Starks, who faced losing her house in Northwest Washington, spent more than two years working with lawyers from the Legal Counsel for the Elderly and catching the bus to the courthouse, her bills stuffed in her purse.
She had borrowed $5,094 from a friend to pay her back taxes in 2010. She had no idea that a tax office mistake had kept her delinquent.
“I was feeling good, that everything was taken care of, and I didn’t have anything else to worry about,” she said.
But when a friend dropped her off from noon prayer service two years ago, she found a court summons tacked to the door. “What’s that on your door, sister Starks?” her friend asked.
That’s when Starks discovered the case was still active and that a tax lien purchaser was pushing to take the house in court — and had tacked on $2,663 in legal fees.

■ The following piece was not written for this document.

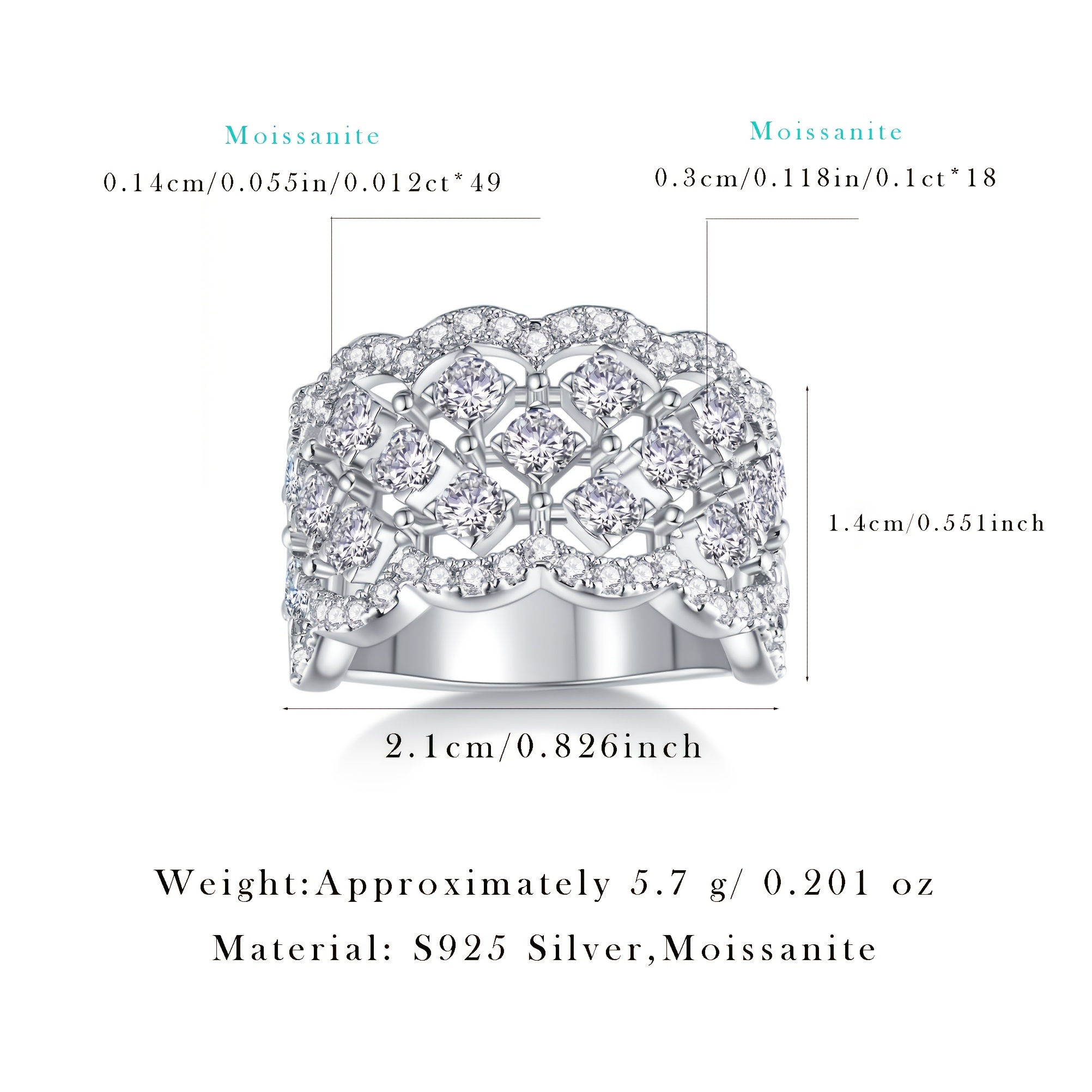 18-Stone Moissanite Array: Features 18 individual 0.1-carat Moissanite stones, totaling 1.8 carats of diamond-identical brilliance.

Her lawyers recently persuaded the tax office to cancel the lien.
“At this age of my life, I shouldn’t have to be concerned about stuff like this,” said Starks, who owns the home free and clear.
The nearly 1,900 liens sold by the tax office were scattered throughout every ward of the city, from condominiums in Northwest to aging rowhouses in Southeast. The majority were sold because agency officials didn’t realize the taxes had been paid before the auction.
There were other problems, too.
For 69-year-old Theresa Banks, a former Sunday school teacher who designs women’s hats, the trouble started in 2007 when she went to the tax office and asked how much she owed on the lot next to her family home. She paid $1,100.
About a year later, she found a sign tacked to the door, showing a lien had been put on her property for unpaid taxes and a purchaser was moving to take the lot through foreclosure. She was terrified: Her family has owned the property since 1943, when the Marshall Heights neighborhood had no running water or paved streets.
With the help of a nonprofit attorney, Banks fought in court, arguing that she had received an incorrect payoff amount, which had left her account deficient.
In 2009, the agency canceled the sale.
Banks, who has hip problems and walks with a cane, said she made at least four trips to court to save her land.
“You’re black. You’re poor. This is the only thing you have to hold onto,” she said.
Carr, the former tax official, said the breakdowns in the office were so extensive that thousands of pieces of mail were returned each year and never re-sent. Carr said he worried that taxpayers weren’t getting their tax statements — let alone warnings that they were delinquent.
“The mail just sat there and sat there,” he said.
Until late last year, the tax office kept a log of returned mail, but it has since lost it, a court document shows.
Carr also said that tax officials have struggled to link payments to the proper accounts, often because taxpayers failed to provide enough information about their properties.
Agency officials said that they have worked to match the payments to the right accounts. “We make every effort to apply payment to the taxpayer account,” the agency said in a prepared response.
But local housing groups said they have been helping homeowners deal with the tax office’s mistakes for years.
“It’s ridiculous,” said Laura Newland, a former Legal Counsel for the Elderly attorney who has worked with hundreds of property owners. “Homeowners are thinking they are going to lose their house — through no fault of their own.”
Jennifer Jenkins contributed to this report.